Thao Thep Krasattri (ท้าวเทพกระษัตรี 1735 – 1792) and Thao Si Sunthon (ท้าวศรีสุนทร), formerly Khun Ying Chan (คุณหญิงจัน) and Khun Ying Muk (คุณหญิงมุก), respectively, are Thai national heroines who were known for their important roles in successfully repelling the Burmese Invasion of Thalang (modern Phuket) in 1786.

== Early life ==
Khun Ying Chan, or Lady Chan, was born around 1735 and her younger sister Lady Muk was born around 1737 on Thalang (Phuket) Island during the reign of King Borommokot of Ayutthaya (r. 1733 – 1758). Their father was Chom Rang the local leader of Thalang Baan Khien. Their mother was a Malay woman by the name of Masia. Masia, according to the Thalang Chronicles composed in 1914, claimed descent from "Marhum" or a Sultan of Kedah. Masia moved from Kedah to Thalang where she met Chom Rang the local leader and married him. Three daughters and two sons were born from the union including Lady Chan and Lady Muk.

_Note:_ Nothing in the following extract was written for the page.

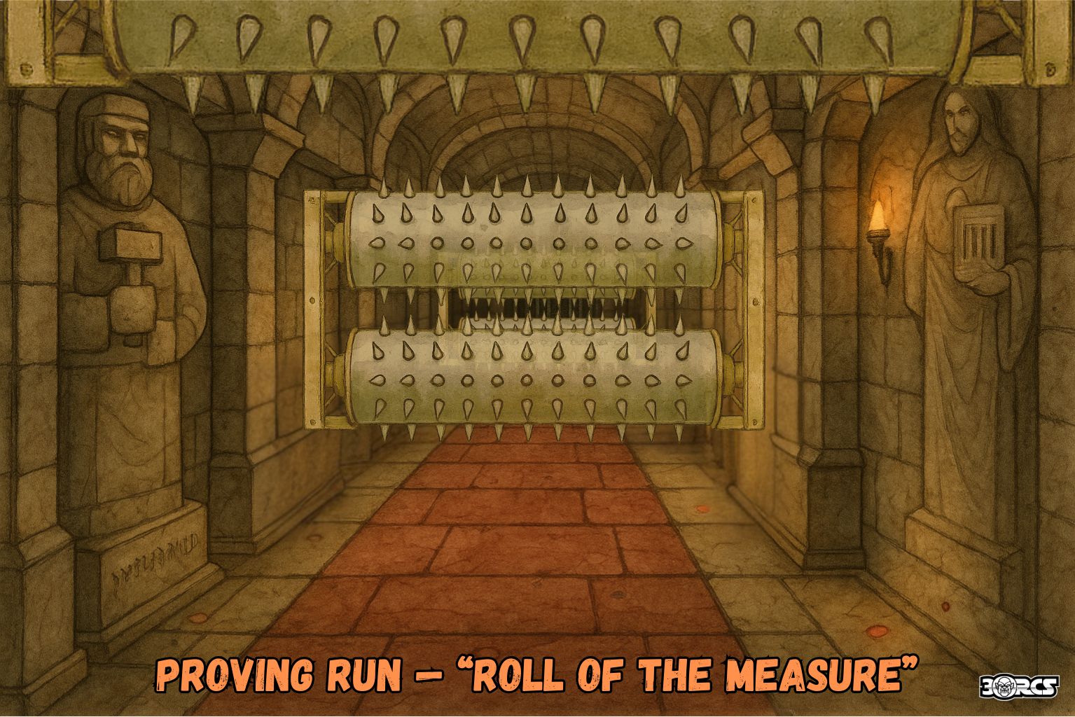 - End: A wide portcullis (15 ft) into a 30-ft-diam. round room (to be keyed later).

In the 18th century, there were two major settlements on Phuket Island; Thalang Baan Khien and Thalang Baan Don. Thalang Baan Khien was ruled by Chom Rang and Thalang Baan Don was ruled by Chom Thau. Chom Rang and Chom Thau were half-brothers who shared the same father but different mothers.

Lady Chan first married to Muen Si Phakdi, a minor local official. With him she had a daughter, Lady Prang, and a son, Thien. After Muen Si Phakdi had died, Lady Chan was remarried to Phra Phimol, the governor of Kraburi. With him she had another three daughters and two sons.

== Thonburi period ==
After the Fall of Ayutthaya in 1767, Thalang came under the regime of Chao Phraya Nakhon Nu, who established himself as the ruler of Southern Thailand based on Nakhon Si Thammarat. King Taksin of Thonburi defeated Chao Phraya Nakhon Nu in 1769 and shortly after Phra Phimol, husband of Lady Chan, was made the governor of Thalang. Thongphun, a cousin of Lady Chan (who was the son of Chom Thau) was made the vice-governor of Thalang. Francis Light, a British merchant, arrived to settle at Thalang in 1772 and became a close family friend to Lady Chan and Phra Phimol.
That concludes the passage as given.